The boy was put on phenylbarbitone to control the fits. It worked well, but unfortunately, a few weeks after I’d finished this project, the boy’s community pressured Aisha to take her son off the medication and see a traditional healer. He started getting fits again. It took a  good deal of persuading my Max to get Mohammed back on the medication.


Amara had an epileptic fit while out playing football with his friends. He damaged his back but managed to hobble back inside his house to lie down. However when he tried to get up he couldn’t get up. In fact he couldn’t walk again for another year, bound to a wheelchair.

He managed to start walking again because a visiting health worker discovered him and knew that physiotherapy could help. But you can see from the above photograph that his back is still misshapen. His family simply can’t afford the money to get an operation on his spine. It is clearly going to limit his physical abilities in the future, but no-one I knew at the Epilepsy clinic was an expert on this – they were just making sure that he kept taking his treatment to prevent any more fits.


At one point I found myself in the rather unusual position of being able to photograph a traditional doctor (or herbalist) perform his usual… um, routine (?)… on a young boy with epilepsy. Max knew the herbalist and persuaded, with a fistful of notes, to let me photograph. In this case he understood that it was important to get such images. The boy’s family didn’t have to pay anything.

I told the herbalist to simply go about the routine and I would photograph around them, so this is an unposed portrait. Max spoke to this herbalist after to make sure that epilepsy cases were passed onto the Epilepsy Association. I know that in some cases of leprosy the herbalist gets paid for every correct and undiagnosed case of leprosy they pass on. In the long-run it saves a lot of money, and having traditional doctors on your side is a good thing.


The fear of epilepsy, mainly because it’s seen as demonic, can affect school children who have had fits. One girl at this school was told to leave that school and not come back. Luckily the Epilepsy Association found out and intervened – and as well as speaking to and reassuring the school teachers responsible, organised a series of talks on Epilepsy for the school children. The girl who was ‘rejected’ is now back at school, taking regular drugs and has no epilepsy-related troubles at all.

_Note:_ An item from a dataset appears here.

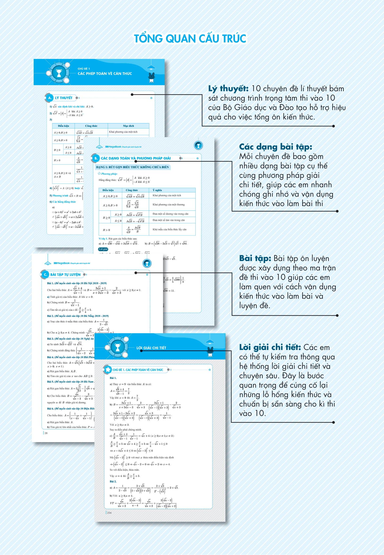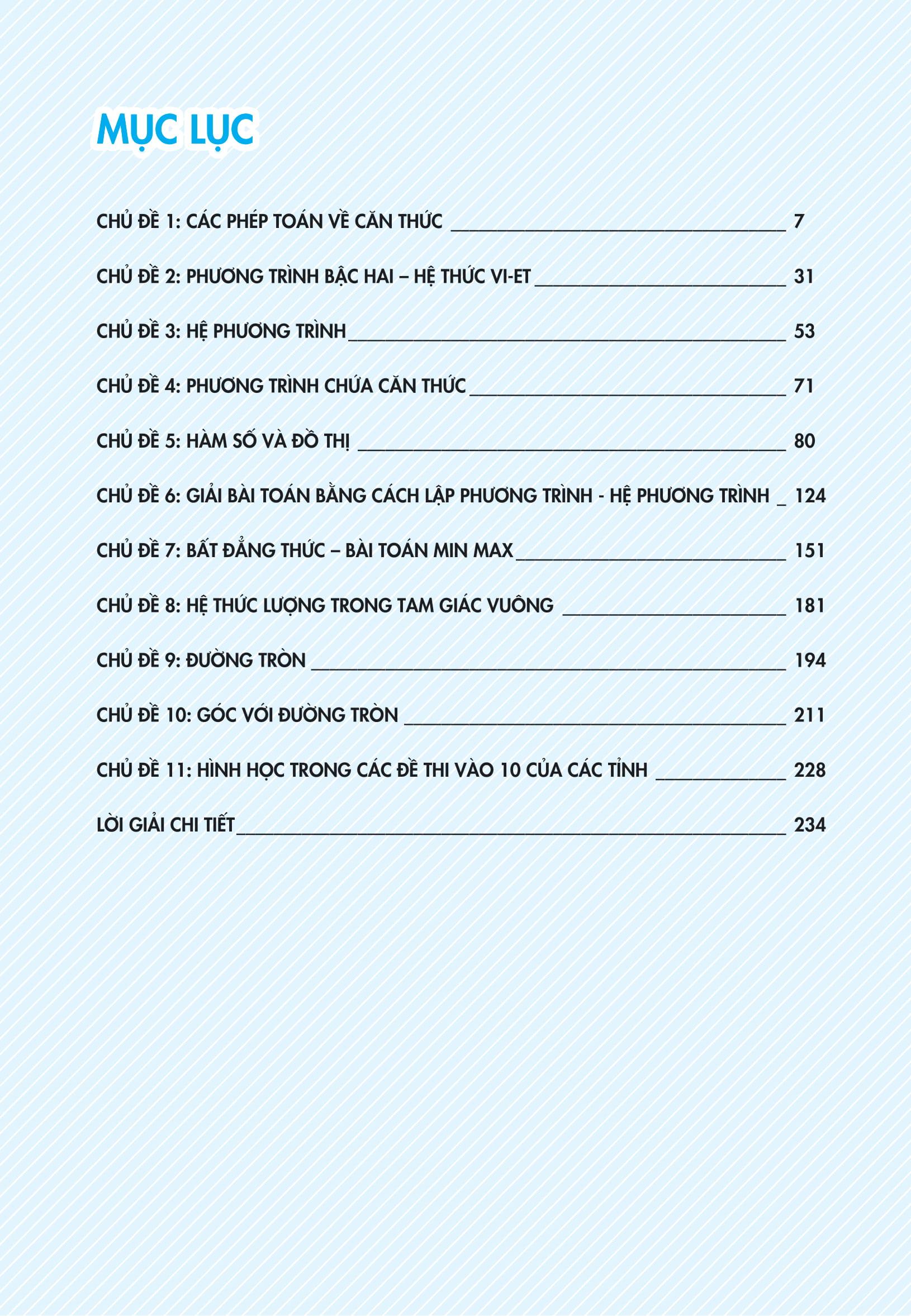 11 chuyên đề lớn 100% xuất hiện trong các đề thi tuyển sinh vào 10 như Căn thức, Phương trình bậc hai – Hệ thức Vi-et, Hệ phương trình, Bất đẳng thức…

Ebironkeh (sitting down) has a horrendous story. She was having regular fits, and began to notice that her knickers were pulled down, she was sore, and there was physical evidence that someone had been raping her while she was unconscious, fitting.

She eventually caught the man – someone living in the same house as her – as he was still on top of her. She went to Max of the Epilepsy Association who, along with one of his colleagues, confronted the man. The culprit ‘promised not to do it again’. And the police were never called as it was decided it was a ‘family matter’.

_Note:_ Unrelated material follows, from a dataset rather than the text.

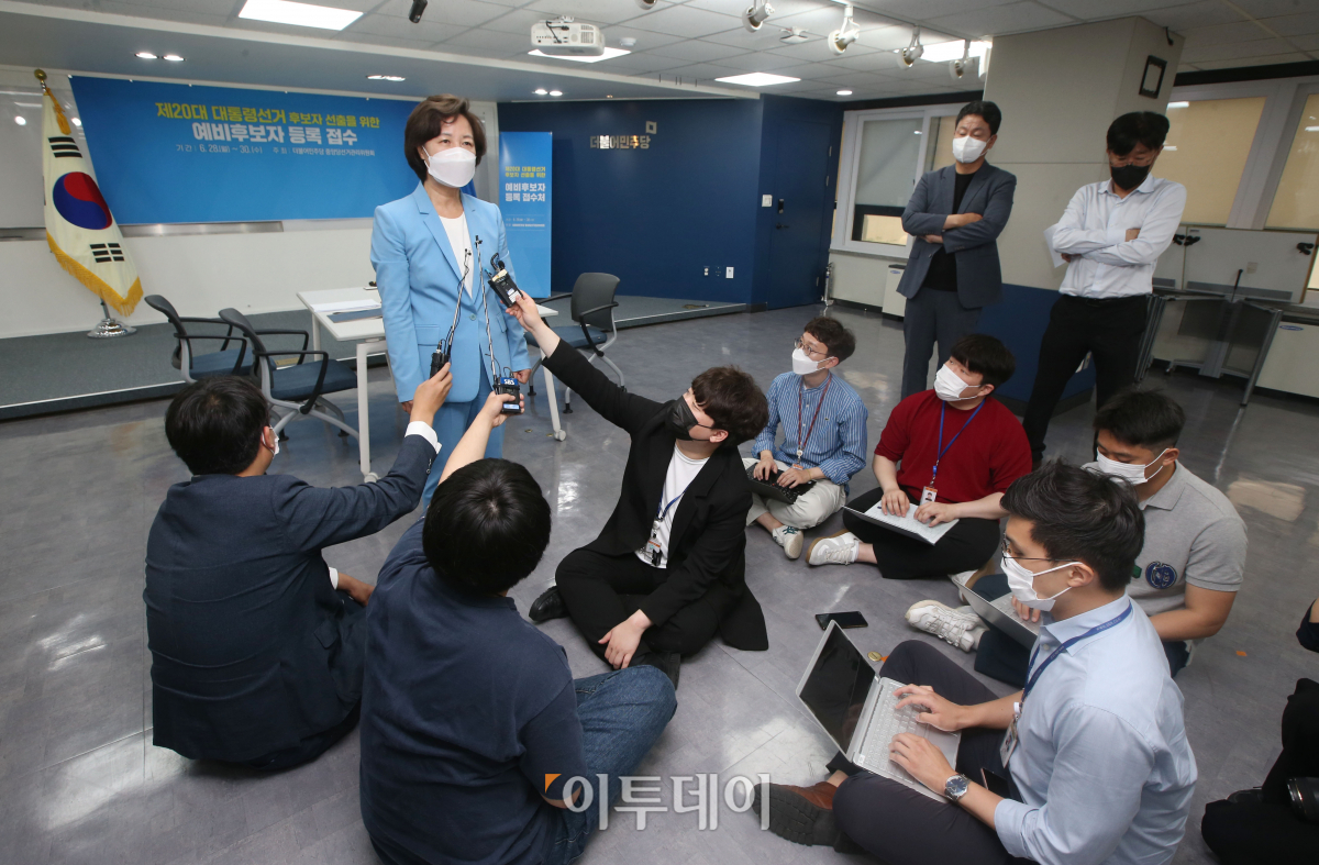 추미애 전 법무부 장관이 30일 오전 서울 여의도 더불어민주당 중앙당사에서 제20대 대통령 선거 후보자 선출을 위한 예비후보자 등록을 마친 뒤 기자들과 질의응답을 하고 있다.

Ebironkeh isn’t sure how many times she’d been raped. She was so ashamed that she moved away from the house to start a new life on the other side of Freetown. Now she runs a store selling manure and cement.


Memuna is blind as well as having leprosy. She is clearly intelligent and speaks excellent English. Her daughter and grandson sit behind her. Here she is at the blind institute where she is learning to read braille.

Memuna still has regular fits – indeed I interviewed her a couple hours after she’d had one. She was still very lethargic and couldn’t speak well, completely opposite to the sharp English tongue she had when I first met her – when I took this photograph. Between her having fits and being blind getting a job to get an income so her, her two daughter and her grandson can live is difficult. She often has to ask friends to give her small amounts of money simply so she could buy her epilepsy medication.


I don’t actually know this man’s name, but here he is hooked up to an EEG machine, which was acquired by Medical Assistance Sierra Leone for usage by Dr Radcliffe Lisk – an expert in epilepsy. It gathers information that can help inform what type of medication a patient needs to be put on, and the severity of the epilepsy.